The platform also monitors the BOP in real time and feeds the information to the operating company, which can monitor performance remotely. By collecting millions of lines of data relating to every aspect of performance and turning it into usable information, Seadrill is extracting knowledge that can be used to make faster and more informed decisions to better manage asset integrity. Over time, not only does the company learn from the actions taken onboard specific rigs, but it also can visualize how these actions influence performance across the fleet.
PLATO is already on all Seadrill drillships, and work is underway to analyze if it should be rolled out across the rest of the floater fleet so data can be gathered from multiple assets and crews. Currently, by looking at the drillship fleet as a whole, it is possible to see trends and measure efficiencies more precisely.
PLATO will track the time it takes to trip in and out of the hole, analyze performance, identify which drillers are least and most efficient, and use this information to help people improve processes and best practices across the company. Internal training programs can be developed using historical drilling data to tailor courses that use a simulator to help drillers improve. The result will be enhanced safety and efficiency across the board.
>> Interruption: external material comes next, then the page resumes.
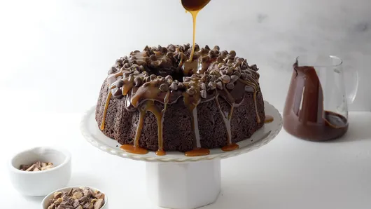 var configuration = {"title":"Chocolate Lover\u0027s Dream Cake","introduction":"\u003cp\u003eIndulge your deepest chocolate cravings with the ultimate\u0026nbsp;Chocolate Lover\u0027s Dream Cake. This isn\u0027t just any ordinary dessert; it\u0027s a masterpiece of rich, moist, and decadent flavors, chock-full of semisweet\u0026nbsp;chocolate chips\u0026nbsp;and crowned with a luxurious\u0026nbsp;ganache glaze\u0026nbsp;and a heavenly\u0026nbsp;caramel-toffee topping.\u003c/p\u003e\u003cp\u003eStill wondering if it\u0027s as delicious as it sounds? This recipe boasts superstar ratings, proving it\u0027s a tried-and-true crowd-pleaser. It stands as the perfect choice for a stunning\u0026nbsp;birthday or celebration cake, a winning contribution to your next\u0026nbsp;bake sale, or a guaranteed favorite at any\u0026nbsp;potluck. Get ready to have everyone begging for the recipe and a second slice\u003c/p\u003e","servingSize":"1 Serving","image":{"small":{"media":"(min-width: 0px)","src":"https://mojo.generalmills.com/api/public/content/4Y6RHTIXQHqgLo-ML0cKOQ_webp_base.webp?v=c80b1053\u0026t=e724eca7b3c24a8aaa6e089ed9e611fd"},"medium":{"media":"(min-width: 500px)","src":"https://mojo.generalmills.com/api/public/content/4Y6RHTIXQHqgLo-ML0cKOQ_webp_base.webp?v=c80b1053\u0026t=191ddcab8d1c415fa10fa00a14351227"},"large":{"media":"(min-width: 767px)","src":"https://mojo.generalmills.com/api/public/content/4Y6RHTIXQHqgLo-ML0cKOQ_webp_base.webp?v=c80b1053\u0026t=191ddcab8d1c415fa10fa00a14351227"},"alt":"Chocolate Lover\u0027s Dream Cake"},"contributor":{"label":"By","name":"Betty Crocker Kitchens","profileUrl":"/about-us","displayDate":{"label":"Updated","date":"Feb 11, 2026"}},"ingredientGroups":[{"ingredients":[{"quantity":"1","description":"box Betty Crocker™ Super Moist™ Chocolate Fudge Cake Mix","productLink":"/products/betty-crocker-baking-and-cake-mixes/chocolate-fudge"},{"quantity":"3/4","description":"cup chocolate milk"},{"quantity":"1/3","description":"cup butter, melted"},{"quantity":"3","description":"eggs"},{"quantity":"1","description":"container (8 oz) sour cream"},{"quantity":"1","description":"box (4-serving size) chocolate fudge instant pudding and pie filling mix"},{"quantity":"1","description":"bag (12 oz) semisweet chocolate chips (2 cups)"}]},{"name":"Ganache Glaze","ingredients":[{"quantity":"1","description":"cup semisweet chocolate chips (6 oz)"},{"quantity":"2/3","description":"cup whipping cream"}]},{"name":"Caramel-Toffee Topping","ingredients":[{"quantity":"1 1/2","description":"cups semisweet chocolate chips (9 oz)"},{"quantity":"1/2","description":"cup caramel topping"},{"quantity":"1/2","description":"cup toffee bits"},{"quantity":"1","description":"bar (1.86 oz) Snickers™ candy bar, unwrapped, chopped"}]}],"steps":[{"description":"Heat oven to 350°F (325°F for dark or nonstick pan). Generously grease 12-cup fluted tube cake pan with shortening and lightly flour, or spray with baking spray with flour."},{"description":"\u003cp\u003eIn large bowl, mix cake mix, chocolate milk, butter, eggs, sour cream, and dry pudding mix with spoon until well blended (batter will be very thick). Stir in 2 cups chocolate chips.\u0026nbsp;\u003c/p\u003e","stepShotImageUrl":"//mojo.generalmills.com/api/public/content/S_XjfxntS3qkUC2F3CXGxQ_webp_base.webp?v=1b0980ba\u0026t=51a43a57af4046789e5a7f20567b1195"},{"description":"\u003cp\u003eSpoon the batter into the pan.\u003c/p\u003e","stepShotImageUrl":"//mojo.generalmills.com/api/public/content/eRLZ_tS8TXqyVR-9OCtLlw_webp_base.webp?v=5705613f\u0026t=51a43a57af4046789e5a7f20567b1195"},{"description":"\u003cp\u003eBake 56 to 64 minutes or until top springs back when touched lightly in center. Cool 10 minutes. Turn pan upside down onto cooling rack or heatproof serving plate; remove pan. Cool completely, about 2 hours.\u003c/p\u003e"},{"description":"\u003cp\u003ePlace 1 cup chocolate chips in small heatproof bowl. In 1-quart saucepan, heat whipping cream to simmering; pour over chips. Let stand 5 minutes; stir until smooth.\u0026nbsp;\u003c/p\u003e"},{"description":"\u003cp\u003eDrizzle the chocolate glaze over the cake.\u0026nbsp;\u003c/p\u003e","stepShotImageUrl":"//mojo.generalmills.com/api/public/content/TOytkak_QGybe8SxJTgbkg_webp_base.webp?v=6145b823\u0026t=51a43a57af4046789e5a7f20567b1195"},{"description":"\u003cp\u003eSprinkle with 1 1/2 cups chocolate chips.\u0026nbsp;\u003c/p\u003e","stepShotImageUrl":"//mojo.generalmills.com/api/public/content/jyNd0eoYQdyyY8FXRDYSJw_webp_base.webp?v=a9ddb730\u0026t=51a43a57af4046789e5a7f20567b1195"},{"description":"\u003cp\u003eDrizzle caramel topping over the cake.\u0026nbsp;\u003c/p\u003e","stepShotImageUrl":"//mojo.generalmills.com/api/public/content/2B06ChAOSVa-sqoL4z-zIg_webp_base.webp?v=6b8d44e8\u0026t=51a43a57af4046789e5a7f20567b1195"},{"description":"\u003cp\u003eSprinkle with toffee bits and chopped candy. Store loosely covered at room temperature.\u003c/p\u003e"}],"tips":[{"title":"","description":"Chocolate Lover\u0027s Dream Cake! Rich, moist, and decadent with chocolate chips, ganache, \u0026amp; caramel-toffee. One of our most popular recipes!","category":"Rich Snippet","tipShots":[]},{"title":"","description":"For a milder chocolate flavor, substitute milk chocolate chips for the semisweet chips.","category":"Substitution","tipShots":[]}],"kitchenTips":[{"title":"","description":"For a milder chocolate flavor, substitute milk chocolate chips for the semisweet chips.","category":"Substitution","tipShots":[]}],"additionalContent":[{"title":"Recipe Ingredients","description":"\u003cp\u003eHere’s the delicious details of what makes our\u0026nbsp;Chocolate Lover\u0027s Dream Cake\u0026nbsp;so incredibly good! Each ingredient plays a vital role in creating this highly-rated, decadent dessert.\u003c/p\u003e\u003cp\u003e\u003cstrong\u003eChocolate Fudge Cake Mix:\u003c/strong\u003e\u0026nbsp;This is our fantastic foundation. It provides the core structure and rich chocolate flav

While this is a useful application of the technology, it is not the only improvement enabled by the digital platform. PLATO also gathers equipment performance data for improved maintenance planning. Crew members can access performance data using devices like iPads to better understand fatigue and wear and plan repair and replacement based on the condition of the equipment instead of adhering to a predetermined and often inefficient maintenance plan.